When I'm alone I occasionally like to give a little hump to the air. Not for sexual reasons or anything, just because it feels right.

Point your finger to the sky When your favorite comes on in the club or on the radio

While in the "try on" rooms of a clothing store, check myself out in the massive, wall mirror that's in there... and/or get nervous that someone is watching me.

Run up all stairs two at a time, and memorize all the staircases with odd number of steps. On those, I start with one step so I can end on a two.

after a shower, try to shake the water off.

When I get a worksheet or a piece of paper with BIG TITLES I immediately shade in all of the gaps in the o's, p's, d's and all other 'hole letters'. And then I start shading in all the words when I finish.

One time I went to my old primary school and while I was there I needed the toilet. So I go use the schools and was shocked at how small everything was I guess because I haven't been there in a while

Wonder if certain people can read my mind... start thinking weird stuff and try to stop.

Drop something down the side of the couch, say that you'll get it in a minute and then forget about it

I cannot f***ing believe how many of these i do... and now i feel out of place

When I tell human garbage that I am the Fallen Angel, they laugh at me, then I make them spontaneously combust. Moral: What moral whore?

Sometimes when I watch live TV, I mute the TV when I get embarrassed at what is happening on screen to other people.

i would air drum even if theres no music playing

Take nibbles whenever you get to the last piece of your burger to make it last longer.

Feel all cool and look suspiciously at everybody else while leaving the theater after a good dramatic movie.

Wonder if anyone doesn't actually talk to themselves for some reason or another at some point in their life. (If so, how can talking to yourself be the first sign of madness? So many people do it...)

When you're having a discussion or an argument with someone and you are about to say something important then you completely forget what you were going to say.

Coughing really loud to cover up the sound of your fart, then shitting your pants.

When im going from one room to the next, i try and get into the other room before the door to the last room closes. If i do, I've won.
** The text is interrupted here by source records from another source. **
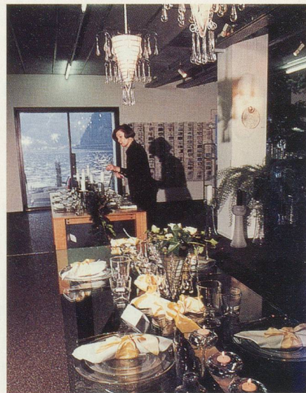
La boutique «Glasi» et ses trésors
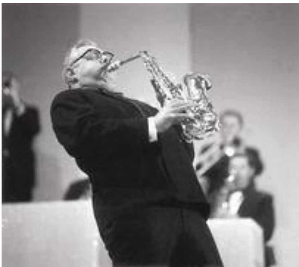
Obrázek 3: Karel Krautgartner
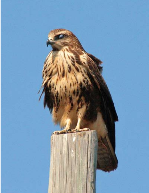
263 Hybrid Atlas Long-legged x Common Buzzard / hybride Atlasarendbuizerd x Buizerd Buteo rufinus cirtensis x buteo , recently fledged juvenile, Pantelleria, Italy, 5 September 2008. Note sparsely streaked breast and belly, dark contrasting flanks, quite long tarsus and long and heavy bill.
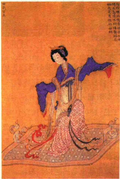
明代佚名《千秋绝艳图》中赵飞燕。

文献中最早记载裙子的出现要首推《西京杂记》和《飞燕外传》中赵飞燕的故事。汉成帝的皇后赵飞燕身轻如燕,十分喜爱穿裙子。有一次,赵飞燕穿着南越进贡的云英紫裙,与汉成帝游太液池。在广榭之上,赵飞燕为汉成
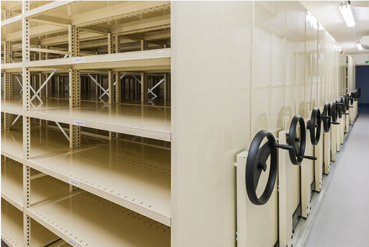
Entrepôt, 1er étage (partie surélevée) : rayonnages mobiles pour l'archivage.

25, Besançon, 1 ter et 3 rue Victor Delavelle
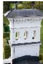
Lin.I, Schornstein mit Fliegenplage, DI009114, BSV-
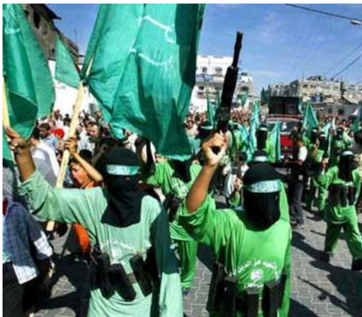
Obr. 14. členové islámistické organizace Hamas

[zdroj obrázku uveden v použité literatuře, zdroj číslo [17]]
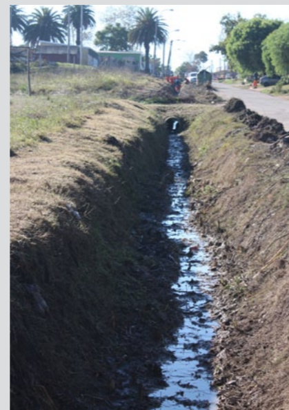
Acondicionamiento de cunetas
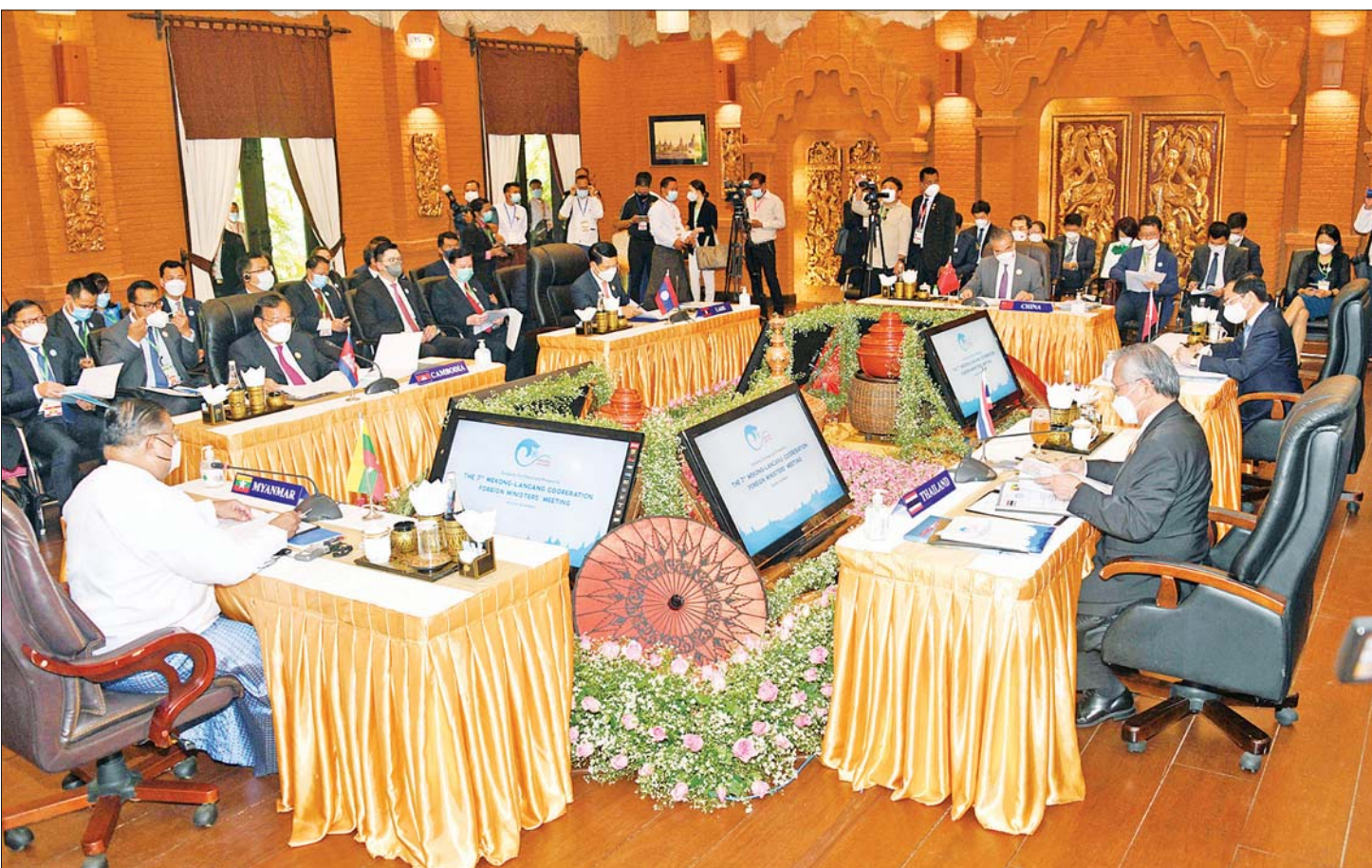
နေပြည်တော် ဇူလိုင် ၄

(၇) ကြိမ်မြောက် မဲခေါင်-လန်ချန်း ပူးပေါင်း ဆောင်ရွက်မှု နိုင်ငံခြားရေးဝန်ကြီးများ အစည်းအဝေးကို ယနေ့ နံနက်ပိုင်းတွင် ပုဂံမြို့ရှိ ရွှေနန်းတော် ဟိုတယ်၌ မြန်မာနိုင်ငံက အိမ်ရှင်အဖြစ် လက်ခံ ကျင်းပသည်။ (ဝဲပုံ)
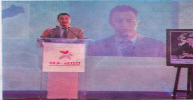
أحمد رضا الشامي وزير الصناعة والتجارة والتكنولوجيا الحديثة

أكثر من نصف المشاريع المقترحة تتعلق بخدمات عبر الخط موجهة إلى المواطنين ومن بينها مثلا الخدمات المتعلقة بالحالة المدنية والخدمات القنصلية أو خدمات التصريح بالضريبة على الدخل وأدائها. وإلى حدود العام الحالي بلغ عدد عمليات أداء الرسوم المحلية كما هو الحال بالنسبة لرسم السكن ورسم الخدمات الجماعية والرسم المهني، ما يعادل 4500 عملية وذلك إلى حين آخر فترة ضريبية، إلى جانب ذلك فإن خدمة متابعة تعويضات ملفات المرضى للصندوق الوطني لمنظمات الاحتياط الاجتماعي شملت ما مجموعه مليون و170 ألف مؤمن، وهو ما يشكل أزيد من ثلاثة ملايين مستفيد، ناهيك على أن الخدمات المتعلقة بالتقاعد شملت تسليم ما يعادل 52 ألف شهادة ومعالجة 345 ألف شكاية عبر الخط من طرف الصندوق المغربي للتقاعد، كما يتم عبر الخط تدبير وضعية أكثر من 98 ألف متقاعد و190 ألف منخرط من طرف النظام الجماعي لمنح رواتب التقاعد، كما سجل الصندوق المهني المغربي للتقاعد 286 ألف مستعمل، علما أنه تمت معالجة 9500 ملف لتصفية التقاعد منذ 2009.
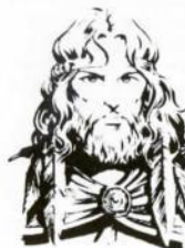
Por Larry Elmore, de "Dragons of Hope"

Huérfano por la muerte de su madre duende, Tanthalas, más conocido por la forma corta de su nombre humano como Tanis, creció entre los duendos. Sin embargo, como mitad humano siempre se sintió un poco rechazado. Finalmente, guiado por su incansable naturaleza, dejó Qualinesti y se dirigió a Solace, a visitar al único "forastero" que conocía, su amigo Flint. Con el tiempo, Tanis se vio envuelto con los Compañeros, Goldmoon y Riverwind, y se convirtió en un experto luchador, mitad duende mitad humano, errante por el mundo de Krynn en busca de la Curación Verdadera y de los clérigos.
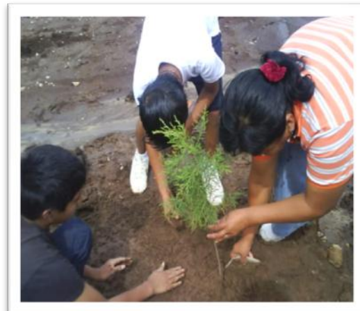
Reforestación, niños de 6to primaria
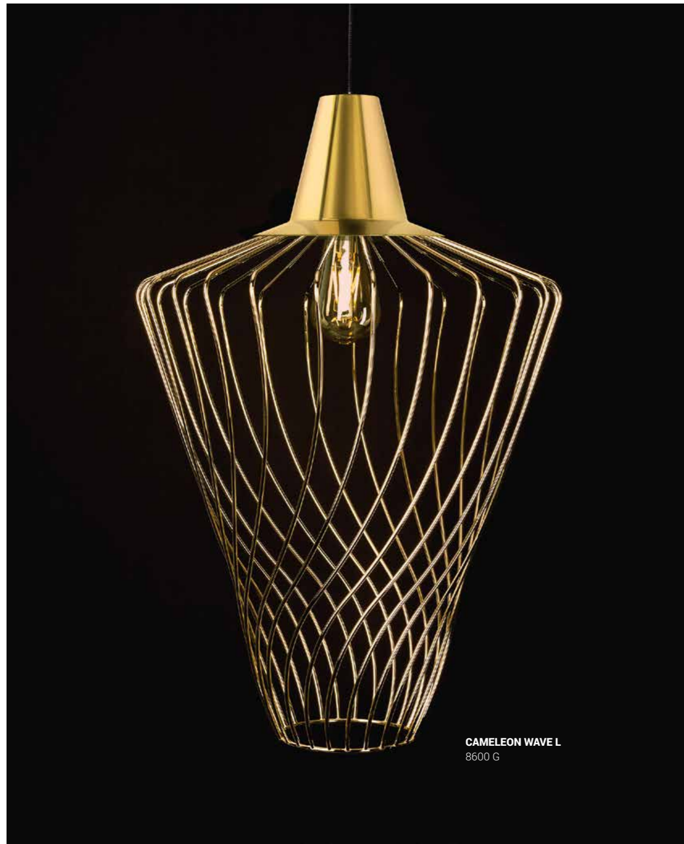
CAMELEON WAVE L 8600 G
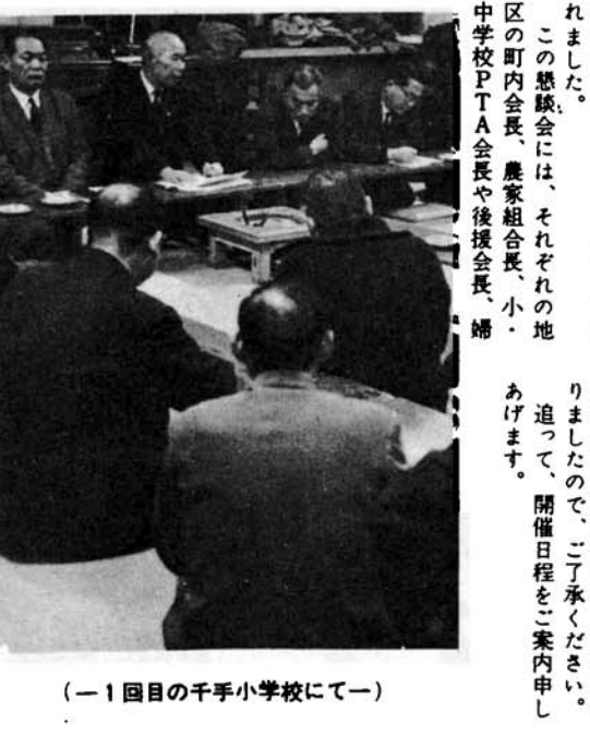
(一 一回目の千手小学校にて一)

市政の発展とよりよい市民生活の向上をはかるために、市民の皆さんに市政の方針を知っていただく、また皆さんからは建設的な意見や要望を聞く「市政懇談会」が、さき十一月二十二日から十二月六日まで、市内十一の会場で開かれました。 この懇談会には、それぞれの地区の町内会長、農家組合長、小中学校PTA会長や後援会長、婦 人団体長、商工団体長、農協組合長、土地改良区理事、公民館分館長の方々のご参集を得て、市側からは市長、助役、関係部長、それに、関係市議会議員が参加して話し合われたわけです。 そして、各会場とも、市長から市政の現状と今後の施策について説明があった後、参加者から、市政に対する意見や要望が述べられました。話し合いの内容は、今後の市政施策の資料とされます。 なお、全地域を巡回して開催する予定でしたが、十二月定例市議会との関係で延期することになりましたので、ご了承ください。 追って、開催日程をご案内申し上げます。
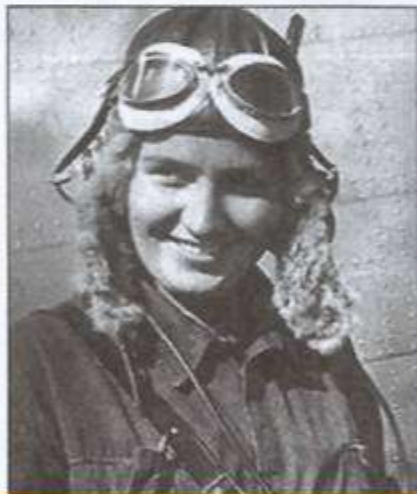
Раскова Марина Михайловна

Гастелло Николай Францевич – советский летчик, командир эскадрильи дальней бомбардировочной авиации, первым совершил таран во время боя с фашистскими самолетами. Герой Советского Союза.
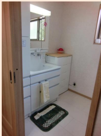
工事後 収納たっぷりの洗面台
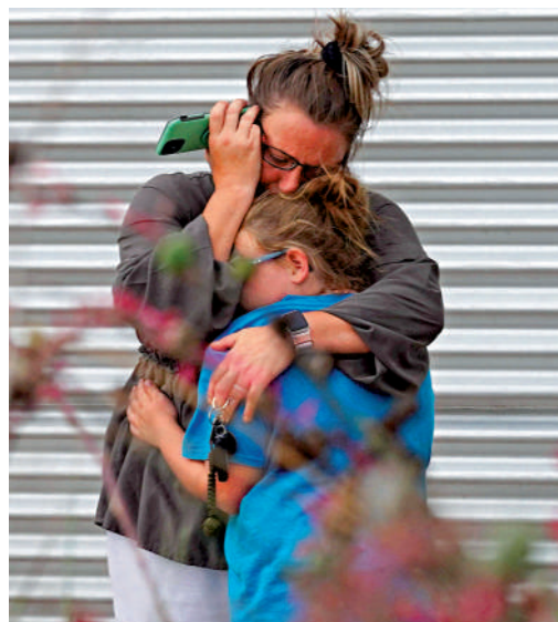
▲一名摟着小孩的婦女一邊打電話，一邊哭泣。
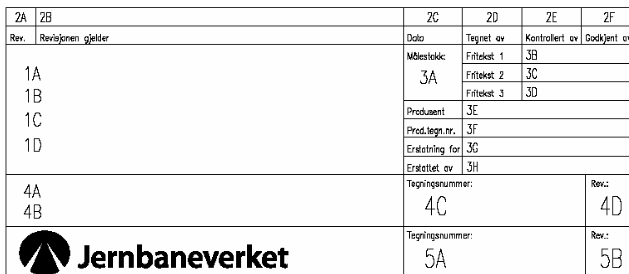
Figur 2.2 Tittelfelt for tekniske tegninger i prosjekter
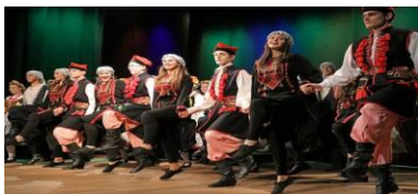
فرقة الزبابده وفرقة بولتكس ودبكه مشتركة في وودج
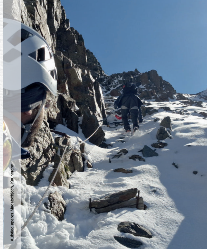
Aufstieg alperes Madatschjoch, Kaunergrat
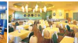
5F OPS (オプス)
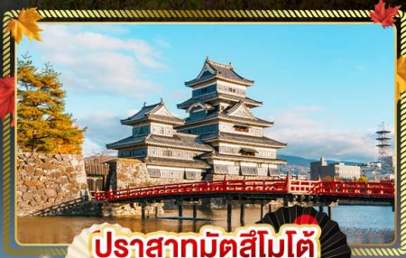
ปราสาทมัทสึโมโตะ
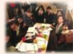
お茶会・交流会のようす
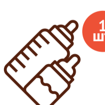
Бутылочка Объем 125-150 мл
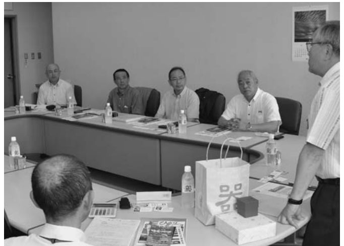
7/9 日本一暑い町として有名な岐阜県多治見市の市議会議員など4名が行政視察のため来町しました。当町のしばれを生かした町づくりを説明し、日本一寒い、暑い町の連携について意見交換を行いました。
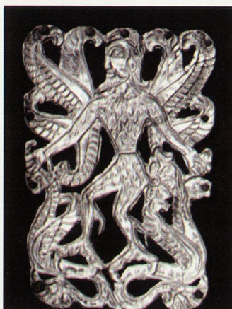
25. Апликация от Бабина могила
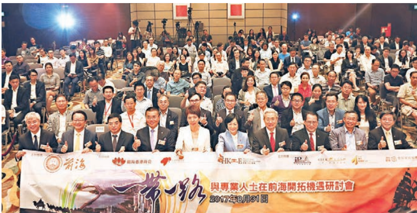
200餘名各界別專業人士出席研討會。
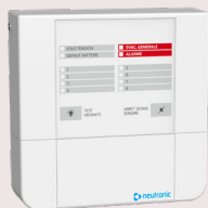
Tableau de synthèse secouru type Pr
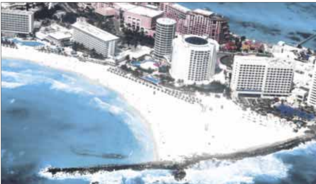
En la administración de Carlos Joaquín se impulsa un gobierno moderno y eficiente, que privilegia el manejo honesto de los recursos públicos.

Chetumal.- Desde el inicio de la administración, el gobernador Carlos Joaquín impulsa un gobierno moderno y eficiente, que privilegia el manejo honesto de los recursos, la transparencia y la rendición de cuentas, como parte de las acciones para combatir la corrupción.

I like to food shop between midnight and 5 am

Waste time looking all over for something and notice it is right where it should be.

Will use delayed foot-to-ass insults on verbal bullies. You know, the kind that goes off in the persons head days or weeks after they thought they won an argument with me.

Fart after someone else farts sop that no one will know you did too.

Domina Olga shows no mercy when she ride your dick

Things You Think Only You Do

A collection of things you think only you do. Go ahead and confess. You probably aren't the only one.